Trailmaker, I saw that setup on the fat forum and thought the same thing. i know you build your own frames so if you know you need the height I say go for the longer head tube. I do like a small amount of spacers just for adjustment purposes but once you find your spot I'm guessing you don't move it much.


----------



## Walt (Jan 23, 2004)

*Just preference/aesthetics*

As long as the head tube is long enough to handle the forces on the frame, it's just a matter of preference. My cargo bike has probably a foot of spacers - because I want to be able to get the bars an appropriate height for any rider, if someone small needs to ride it (obviously I'd use a shorter stem as well in that instance).

Personally I like to have the rider use a few spacers, because you never know when someone is going to want to move the bars up/down a little (maybe you started doing yoga and you've got a bit more flexibility, or whatever). You can do quite a bit with bar and stem too, of course. I like to make sure my customers have a couple of inches of adjustability (including swapping bars and stems) up or down from their current desired position.

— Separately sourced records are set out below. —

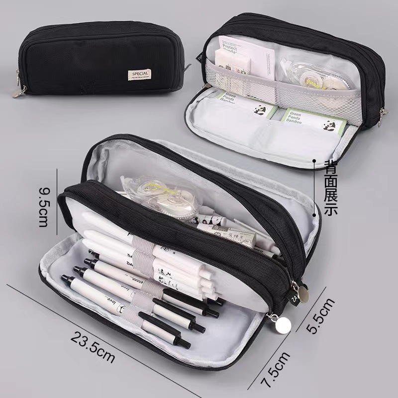 • 더블 레이어 더블 오픈 필통 - 다크 블루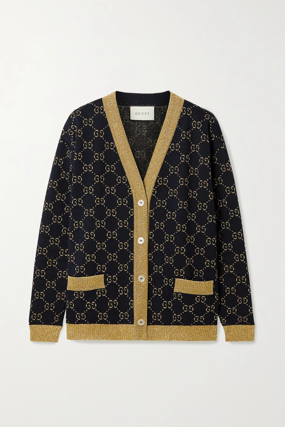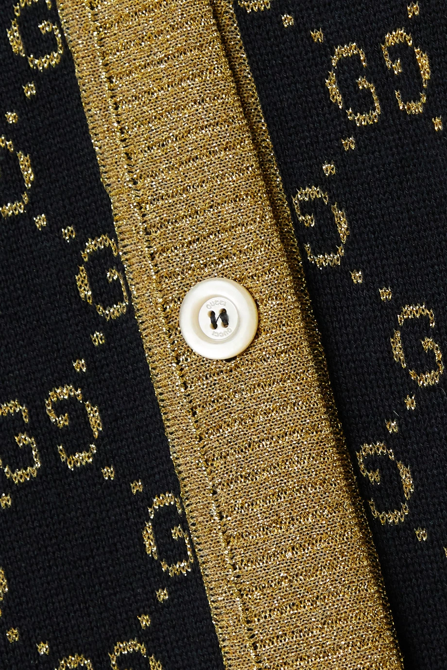 Dieser Cardigan von Gucci zeigt sich über und über mit dem „GG“-Logo – das wohl bekannteste Emblem des Hauses. Das leicht lockere Modell aus Jacquard-Strick wurde in Italien aus einer weichen Baumwollmischung gefertigt und hat goldfarbene Abschlüsse sowie Knöpfe aus Perlmutt – schließen Sie diese, um einen tiefen Ausschnitt zu kreieren oder lassen Sie sie offen und ziehen Sie das passende Oberteil darunter.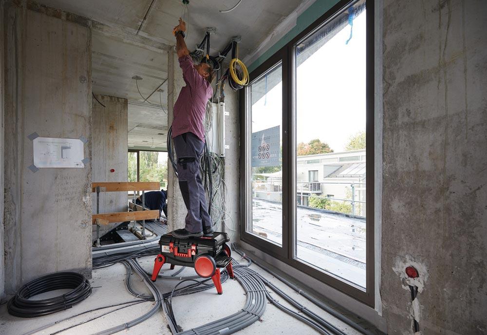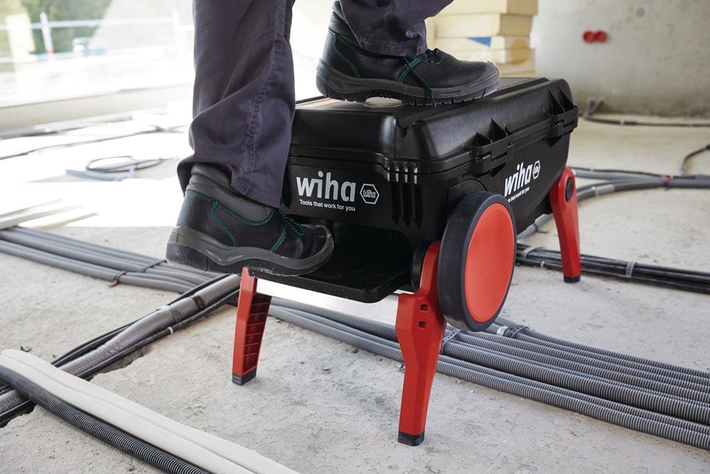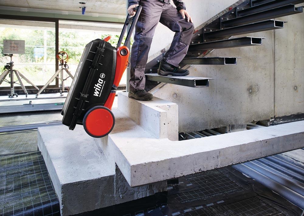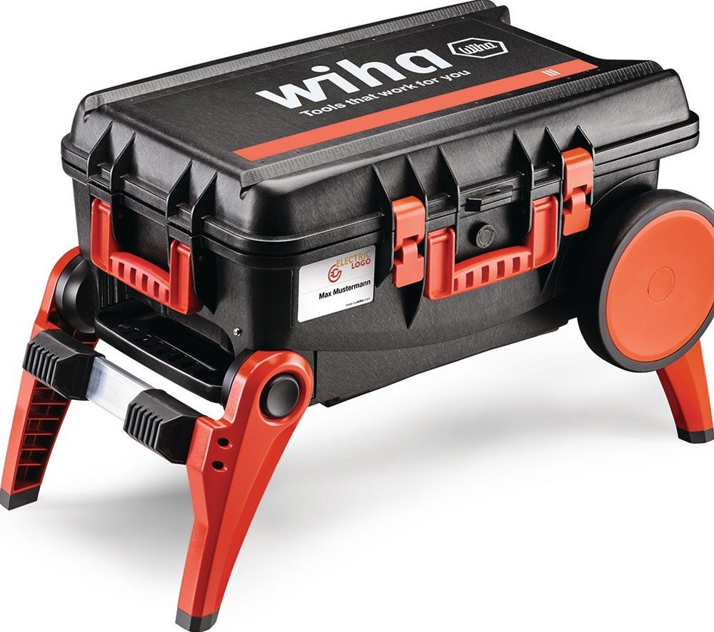 umfangreiches, praxisorientiertes Sortiment im robustem Schutzkoffer · integrierte Gasdruckdämpfer halten den bestückten Deckel in der gewünschten Position · Koffer staub- und wasserdicht mit Druckausgleichsventil · stapelbar, rollbar · mit integriertem Fahrgestell · ausklappbare Beine für eine erhöhte Entnahmeposition und einen stabilen rutschsicheren Tritt für hochgelegene Arbeiten · große Räder für komfortables rollen auf Treppenstufen und unwegsamen Gelände · V-förmige Kerbung im Deckel als Absägehilfe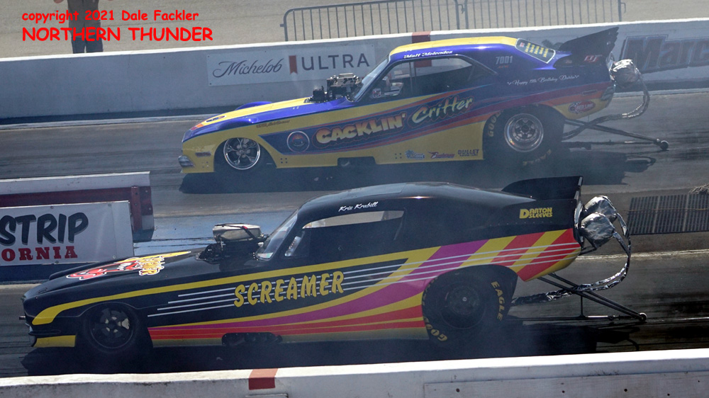 (LEFT) In the near lane, Kris Krabill got acclimated to his new ride in the "Screamer", with a half track pass (6.79 - 139.06, while in the far lane, Matt Melendez carded a solid 5.90 - 230.61 in the "Cacklin' Critter" Challenger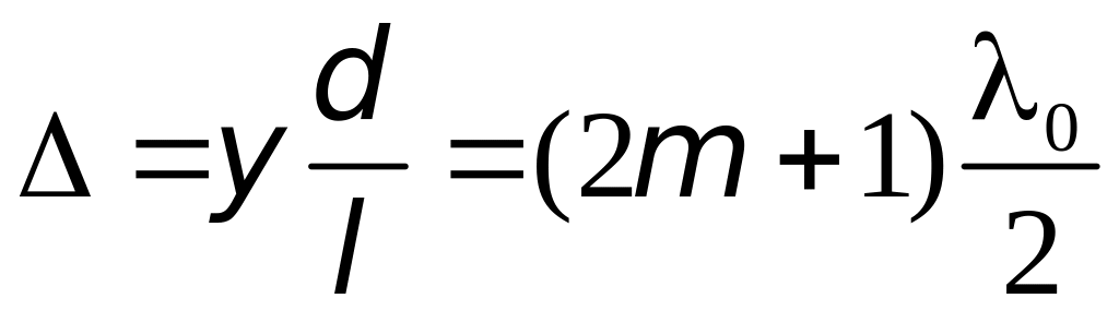 Отсюда следует, что ширина интерференционной полосы определяется выражением:

So use as many or as few as you think looks good, as long as you've got at least at 100mm or so head tube.

-Walt


----------



## Feldybikes (Feb 17, 2004)

Some forks have specs on the number of spacers that can be used -- unsupported length above the HS. I've recalled seeing 2" on some on the past (don't remember what). I'm surprised it's not more prevalent to have the spec out there.


----------



## febikes (Jan 28, 2011)

If you need your hands up that high you may want to get the rise via BMX style bars. The advantage of stem/bars to get the rise is that it helps you keep the top tube low for increased stand over height.


----------



## TrailMaker (Sep 16, 2007)

Hmmm...

No one really sees it as a structural issue. They seem to flex a lot more. Maybe I equate flex with structural inadequacy, and that might not be proper. I know it has always bugged me, at least philosophically, but there has been little to be done about it. I simply thought that the bike setup shown in my first post was excessive. It certainly does not represent what I consider a long enough HT for a 20" (assumed) frame.

My current stable pictured below, covering 8 years of riding; XL Heckler, XL RIP9, XL+ TrailMaker Humvee. Stacked on up! Guess I wont worry about, or I'll start looking harder for 35* rise stems.


----------



## unterhausen (Sep 28, 2008)

it's a structural issue with carbon. Even the thinnest steel steerer can be used full length if you want.


----------



## jay_ntwr (Feb 15, 2008)

Feldybikes said:


> Some forks have specs on the number of spacers that can be used -- unsupported length above the HS. I've recalled seeing 2" on some on the past (don't remember what). I'm surprised it's not more prevalent to have the spec out there.


The converse of that is that some forks require a minimum length of spacers as well--I don't know which ones, but I do know there are some carbon steerer forks that need to have at least a little spacer between the stem and the headset to keep the steerer from shearing off. It seems like there was a discussion around this during the TdF one year after a guy had the fork fail. I'd have a link, but I don't use carbon steerers on anything so it's not relevant to me.


----------



## customfab (Jun 8, 2008)

unterhausen said:


> it's a structural issue with carbon. Even the thinnest steel steerer can be used full length if you want.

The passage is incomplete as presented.